We may look at this Riemann surface as just another complex surface because, just like the complex plane, it is a two-dimensional manifold. Indeed, even if we have represented it in 3D, it is not all that different from a sphere as a non-Euclidean two-dimensional surface: we only need two real numbers (r and Θ) to identify any point on this surface and so it’s two-dimensional only indeed (although it has more ‘structure’ than the ‘flat’ complex plane we are used to) . It may help to note that there are other surfaces like this, such as the ones below, which are Riemann surfaces for other multiple-valued functions: in this case, the surfaces below are Riemann surfaces for the (complex) square root function (f(z) = z1/2) and the (complex) arcsin(z) function.

Nice graphs, you’ll say but, again, what is this all about? These graphs surely illustrate the problem of multiple-valuedness but so how do they help to solve it? Well… The trick is to use such Riemann surface as a domain really: now that we’ve got this Riemann surface, we can actually use it as a domain and then log z (or z1/2 or arcsin(z) if we use these other Riemann surfaces) will be a nice single-valued (and analytic) function for all points on that surface.

Huh?
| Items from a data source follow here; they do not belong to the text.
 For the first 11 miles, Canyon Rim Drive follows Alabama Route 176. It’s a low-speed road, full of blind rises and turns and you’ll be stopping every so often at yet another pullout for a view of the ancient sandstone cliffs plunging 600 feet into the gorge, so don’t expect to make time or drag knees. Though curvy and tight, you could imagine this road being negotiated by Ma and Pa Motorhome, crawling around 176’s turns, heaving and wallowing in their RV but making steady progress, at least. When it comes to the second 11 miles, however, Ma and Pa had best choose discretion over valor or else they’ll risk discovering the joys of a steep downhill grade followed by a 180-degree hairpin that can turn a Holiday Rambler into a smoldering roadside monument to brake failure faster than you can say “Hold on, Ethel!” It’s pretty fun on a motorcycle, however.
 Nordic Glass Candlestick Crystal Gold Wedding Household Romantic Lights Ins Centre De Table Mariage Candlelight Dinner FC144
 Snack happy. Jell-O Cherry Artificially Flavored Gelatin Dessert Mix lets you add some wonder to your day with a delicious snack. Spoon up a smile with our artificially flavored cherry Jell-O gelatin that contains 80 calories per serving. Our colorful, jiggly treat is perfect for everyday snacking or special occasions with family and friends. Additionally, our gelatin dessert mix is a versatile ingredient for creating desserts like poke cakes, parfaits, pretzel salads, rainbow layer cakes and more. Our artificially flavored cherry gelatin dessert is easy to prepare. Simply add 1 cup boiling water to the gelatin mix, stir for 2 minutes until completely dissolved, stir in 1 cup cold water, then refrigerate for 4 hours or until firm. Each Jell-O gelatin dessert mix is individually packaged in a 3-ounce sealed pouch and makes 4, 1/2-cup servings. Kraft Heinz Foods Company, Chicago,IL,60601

What? […] Hmm… I agree that it looks fishy: we first use the function itself to construct a ‘Riemannian’ surface, and then we use that very same surface as a ‘Riemannian’ domain for the function itself? Well… Yes. As Penrose puts it: “Complex (analytic) functions have a mind of their own, and decide themselves what their domain should be, irrespective of the region of the complex plane which we ourselves may initially have allotted to it. While we may regard the function’s domain to be represented by the Riemann surface associated with the function, the domain is not given ahead of time: it is the explicit form of the function itself that tells us which Riemann surface the domain actually is.”
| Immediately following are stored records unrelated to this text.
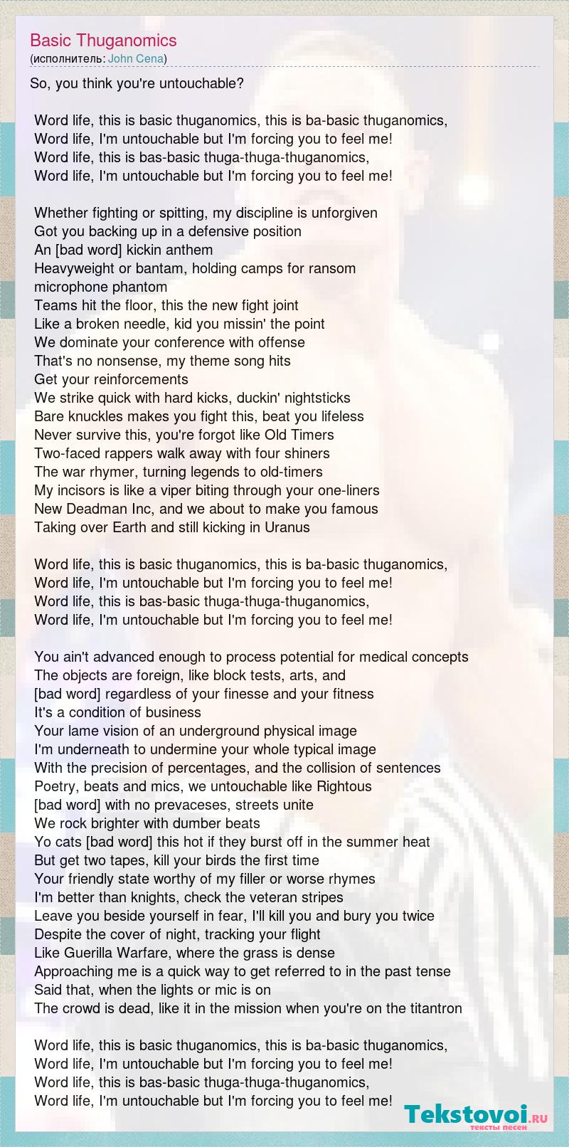 So, you think you're untouchable? Word life, this is basic thuganomics, this is ba-basic thuganomics, Word life, I'm untouchable but I'm forcing you to feel me! Word life, this is bas-basic thuga-thuga-thuganomics, Word life, I'm untouchable but I'm forcing you to feel me! Whether fighting or spitting, my discipline is unforgiven Got you backing up in a defensive position An [bad word] kickin anthem Heavyweight or bantam, holding camps for ransom microphone phantom Teams hit the floor, this the new fight joint Like a broken needle, kid you missin' the point We dominate your conference with offense That's no nonsense, my theme song hits Get your reinforcements We strike quick with hard kicks, duckin' nightsticks Bare knuckles makes you fight this, beat you lifeless Never survive this, you're forgot like Old Timers Two-faced rappers walk away with four shiners The war rhymer, turning legends to old-timers My incisors is like a viper biting through your one-liners New Deadman Inc, and we about to make you famous Taking over Earth and still kicking in Uranus Word life, this is basic thuganomics, this is ba-basic thuganomics, Word life, I'm untouchable but I'm forcing you to feel me! Word life, this is bas-basic thuga-thuga-thuganomics, Word life, I'm untouchable but I'm forcing you to feel me! You ain't advanced enough to process potential for medical concepts The objects are foreign, like block tests, arts, and [bad word] regardless of your finesse and your fitness It's a condition of business Your lame vision of an underground physical image I'm underneath to undermine your whole typical image With the precision of percentages, and the collision of sentences Poetry, beats and mics, we untouchable like Rightous [bad word] with no prevaceses, streets unite We rock brighter with dumber beats Yo cats [bad word] this hot if they burst off in the summer heat But get two tapes, kill your birds the first time Your friendly state worthy of my filler or worse rhymes I'm better than knights, check the veteran stripes Leave you beside yourself in fear, I'll kill you and bury you twice Despite the cover of night, tracking your flight Like Guerilla Warfare, where the grass is dense Approaching me is a quick way to get referred to in the past tense Said that, when the lights or mic is on The crowd is dead, like it in the mission when you're on the titantron Word life, this is basic thuganomics, this is ba-basic thuganomics, Word life, I'm untouchable but I'm forcing you to feel me! Word life, this is bas-basic thuga-thuga-thuganomics, Word life, I'm untouchable but I'm forcing you to feel me!
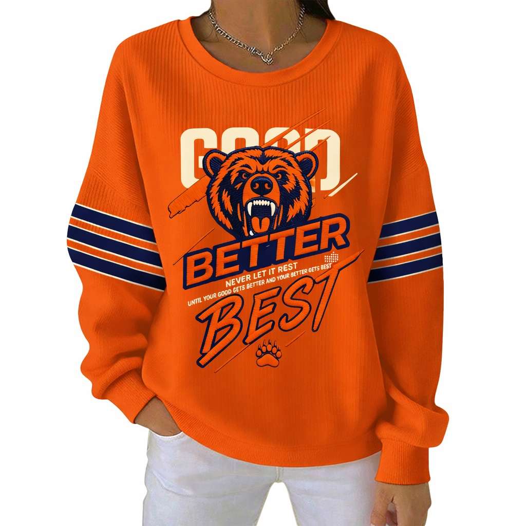 Push past limits with the Good Better Best Print Football Fans Gameday Sweatshirt. Featuring a fierce bear and motivational mantra, this design channels athletic grit, locker room wisdom, and the relentless pursuit of greatness. Built for fans who never settle.
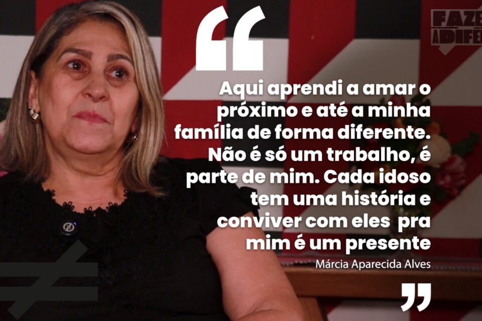 Uma das pessoas que dedica sua vida a essa missão é Márcia Aparecida Alves, que trabalha no abrigo há 30 anos. Ela revela que, quando chegou, não imaginava como aquela experiência mudaria sua forma de enxergar o mundo. “Aqui aprendi a amar o próximo e até a minha família de forma diferente. Não é só um trabalho, é parte de mim. Cada idoso tem uma história e conviver com eles pra mim é um presente [sic]”, diz, emocionada.

I guess we’ll have to judge the value of this bright Riemannian idea (Bernhardt Riemann had many bright ideas during his short lifetime it seems) when we understand somewhat better why we’d need these surfaces for solving physics problems. Back to Penrose. 🙂

Post scriptum: Brown and Churchill seem to approach the matter of how to construct a Riemann surface somewhat less rigorously than I do, as they do not provide any 3D illustrations but just talk about joining thin sheets, by cutting them along the positive half of the real axis and then joining the lower edge of the slit of the first sheet to the upper edge of the slit in the second sheet. This should be done, obviously, by making sure there is no (additional) tearing of the original sheet surfaces and all that (so we’re talking ‘continuous deformations’ I guess), but so that could be done, perhaps, without creating that ‘tornado vortex’ around the vertical axis, which you can clearly see in that gray 3D graph above. If we don’t include the ln r term in the definition of the ‘z’ coordinate in the Euclidean three-dimensional (x, y, z) space which the illustrations above are using, then we’d have a spiral ramp without a ‘hole’ in the center. However, that being said, in order to construct a ‘proper’ two-dimensional manifold, we would probably need some kind function of r in the definition of ‘z’. In fact, we would probably need to write r as some function of Θ in order to make sure we’ve got a proper analytic mapping. I won’t go into detail here (because I don’t know the detail) but leave it to you to check it out on the Web: just check on various parametric representations of spiral ramps: there’s usually (and probably always) a connection between Θ and how, and also how steep, spiral ramps climb around their vertical axis.